■ WORK REQUIRED
What are the lines below, starting at the line containing "واهتم المعهد الامريكي" and ending at the line containing "- Blue lotus"? Write them out exactly, ends included, without pictures.

■ EXERCISE INPUT
=======

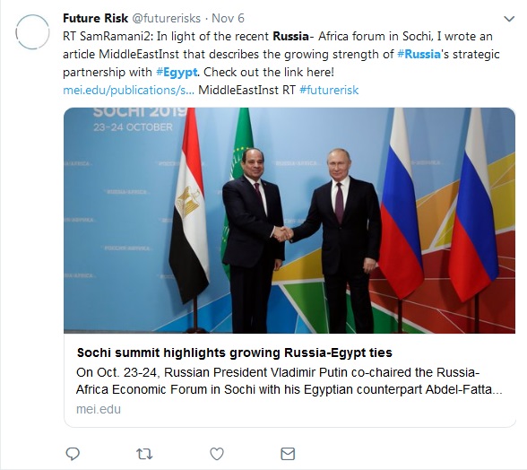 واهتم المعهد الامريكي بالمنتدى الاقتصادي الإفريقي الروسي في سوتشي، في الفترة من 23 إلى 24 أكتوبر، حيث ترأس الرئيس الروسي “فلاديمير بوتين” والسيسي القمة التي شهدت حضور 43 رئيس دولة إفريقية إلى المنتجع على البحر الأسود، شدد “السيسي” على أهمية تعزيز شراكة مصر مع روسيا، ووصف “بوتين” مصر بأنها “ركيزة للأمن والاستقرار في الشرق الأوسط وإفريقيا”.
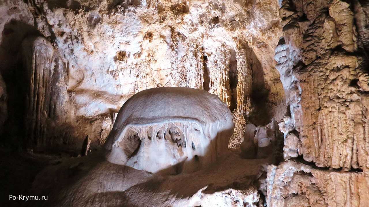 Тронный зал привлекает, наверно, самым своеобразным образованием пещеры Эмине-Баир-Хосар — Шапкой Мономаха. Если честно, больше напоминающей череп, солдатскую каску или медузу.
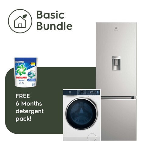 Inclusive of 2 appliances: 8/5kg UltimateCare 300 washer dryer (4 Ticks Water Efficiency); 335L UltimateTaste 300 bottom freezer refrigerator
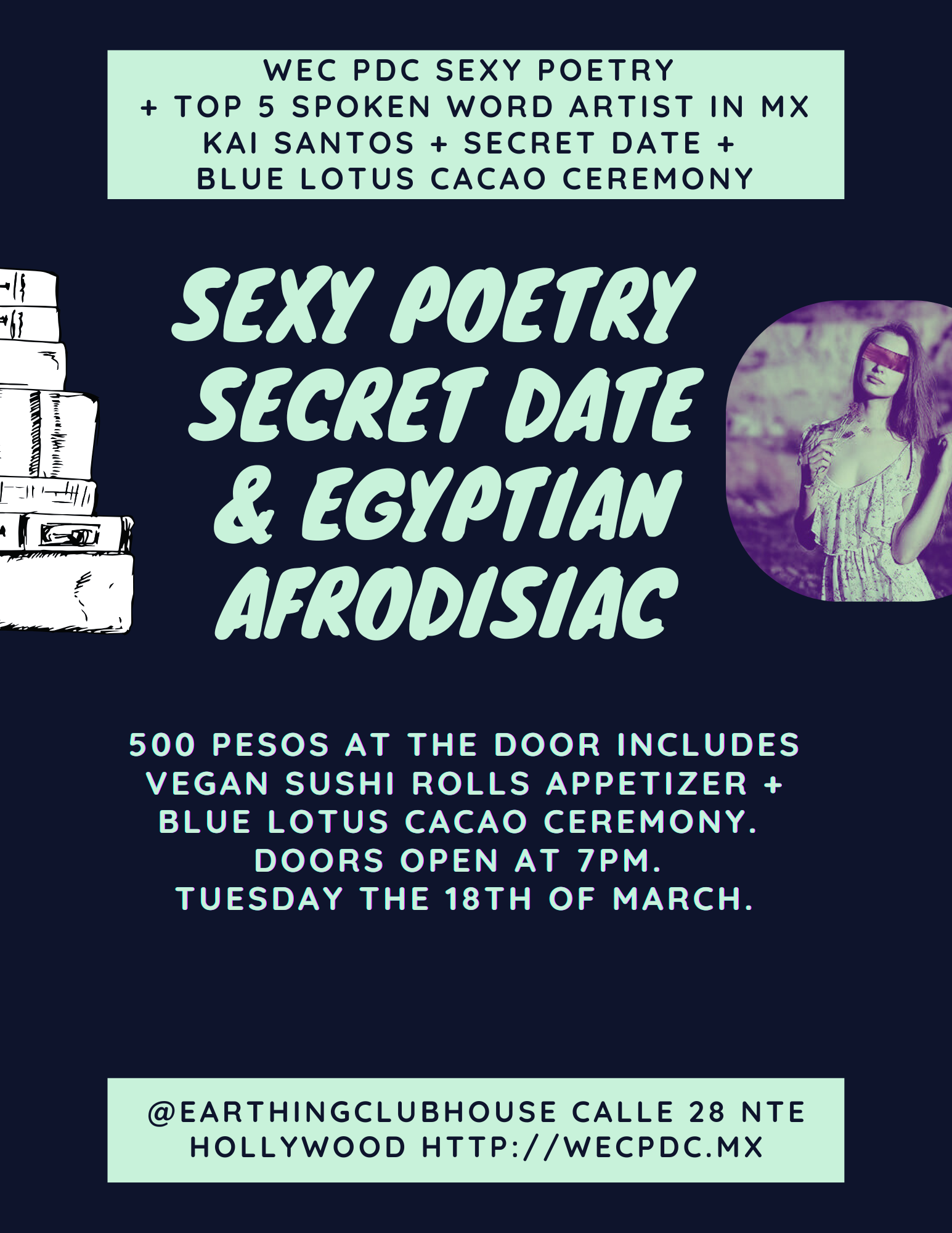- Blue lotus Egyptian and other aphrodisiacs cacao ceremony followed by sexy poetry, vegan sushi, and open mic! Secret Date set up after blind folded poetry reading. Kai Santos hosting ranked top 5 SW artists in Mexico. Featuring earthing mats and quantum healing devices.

=======

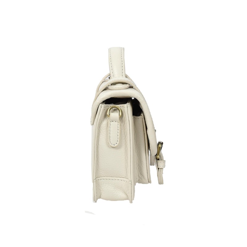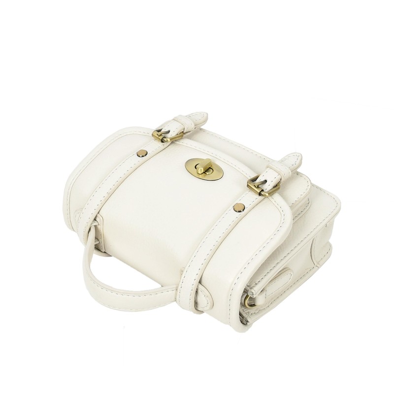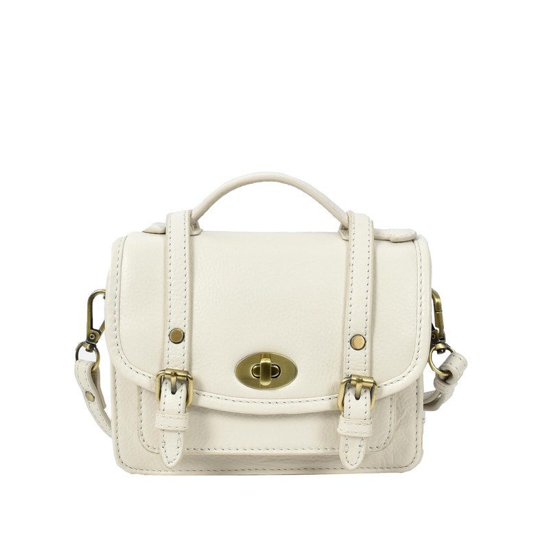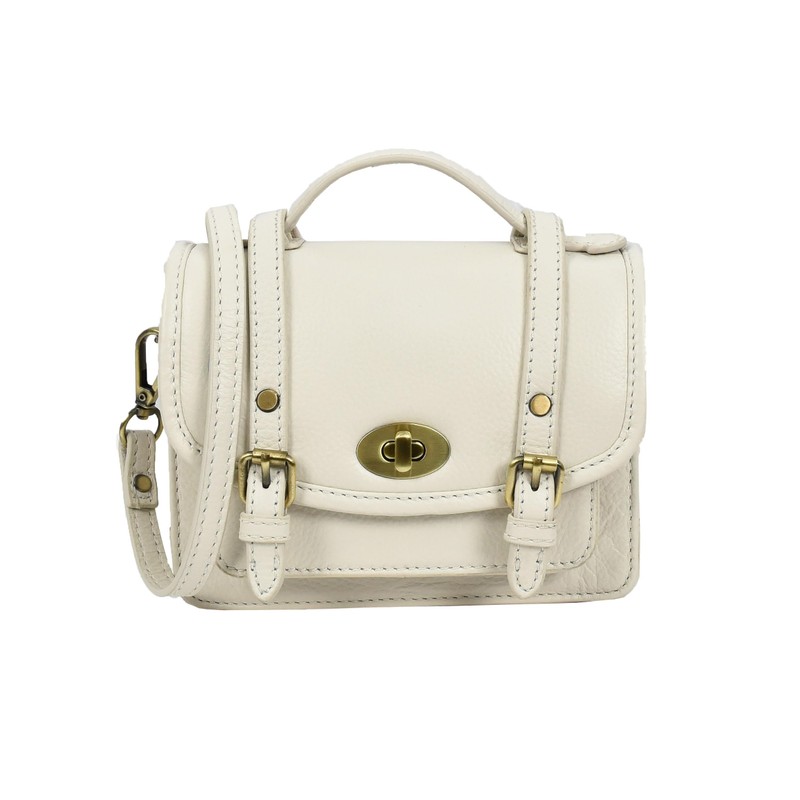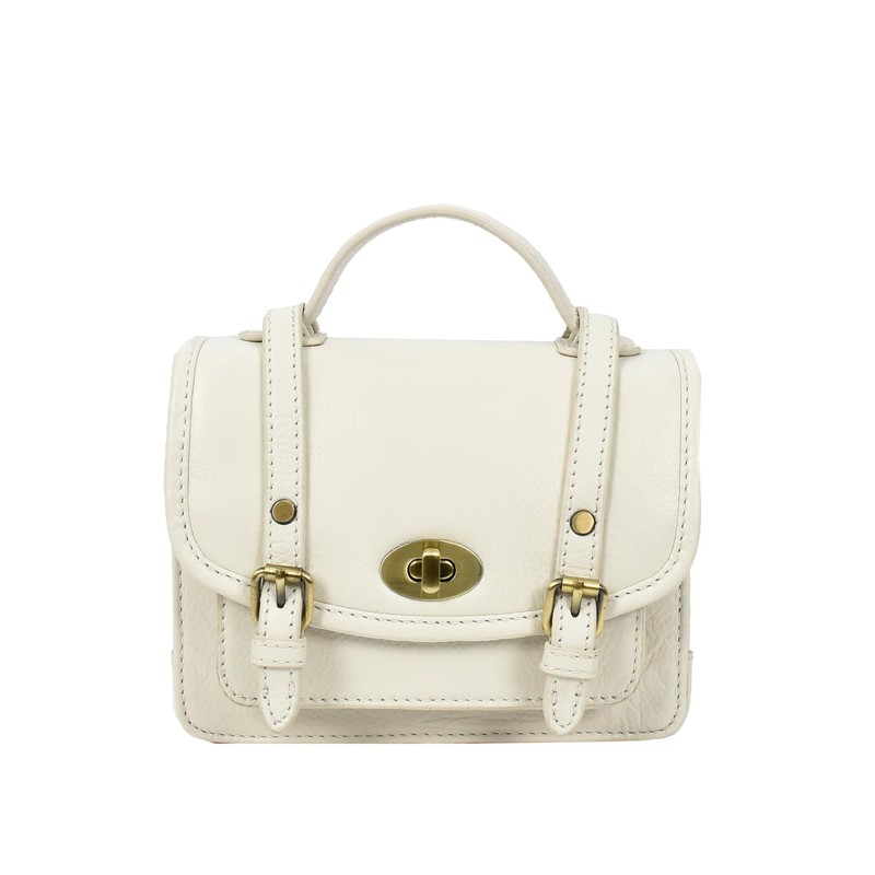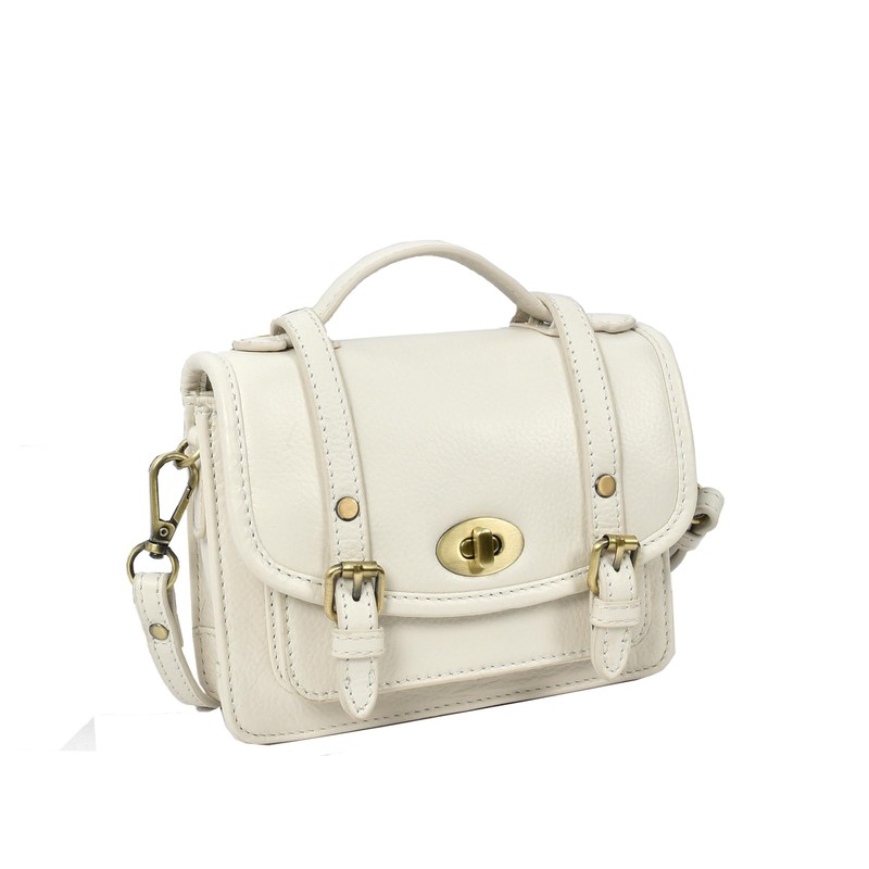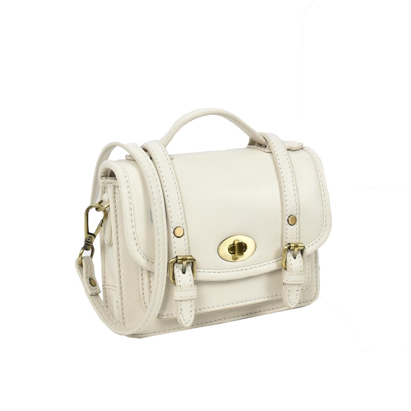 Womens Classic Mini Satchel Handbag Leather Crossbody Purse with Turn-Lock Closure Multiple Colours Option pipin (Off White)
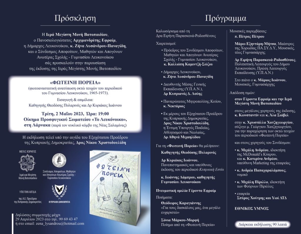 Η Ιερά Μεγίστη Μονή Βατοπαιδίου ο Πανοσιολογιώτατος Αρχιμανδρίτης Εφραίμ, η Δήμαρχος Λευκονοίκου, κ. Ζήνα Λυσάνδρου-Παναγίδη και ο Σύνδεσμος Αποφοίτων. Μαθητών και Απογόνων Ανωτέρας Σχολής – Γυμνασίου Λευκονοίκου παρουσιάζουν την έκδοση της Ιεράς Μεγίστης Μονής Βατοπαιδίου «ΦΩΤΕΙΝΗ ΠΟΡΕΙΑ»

=======

■ SOLUTION
 واهتم المعهد الامريكي بالمنتدى الاقتصادي الإفريقي الروسي في سوتشي، في الفترة من 23 إلى 24 أكتوبر، حيث ترأس الرئيس الروسي “فلاديمير بوتين” والسيسي القمة التي شهدت حضور 43 رئيس دولة إفريقية إلى المنتجع على البحر الأسود، شدد “السيسي” على أهمية تعزيز شراكة مصر مع روسيا، ووصف “بوتين” مصر بأنها “ركيزة للأمن والاستقرار في الشرق الأوسط وإفريقيا”.
 Тронный зал привлекает, наверно, самым своеобразным образованием пещеры Эмине-Баир-Хосар — Шапкой Мономаха. Если честно, больше напоминающей череп, солдатскую каску или медузу.
 Inclusive of 2 appliances: 8/5kg UltimateCare 300 washer dryer (4 Ticks Water Efficiency); 335L UltimateTaste 300 bottom freezer refrigerator
- Blue lotus Egyptian and other aphrodisiacs cacao ceremony followed by sexy poetry, vegan sushi, and open mic! Secret Date set up after blind folded poetry reading. Kai Santos hosting ranked top 5 SW artists in Mexico. Featuring earthing mats and quantum healing devices.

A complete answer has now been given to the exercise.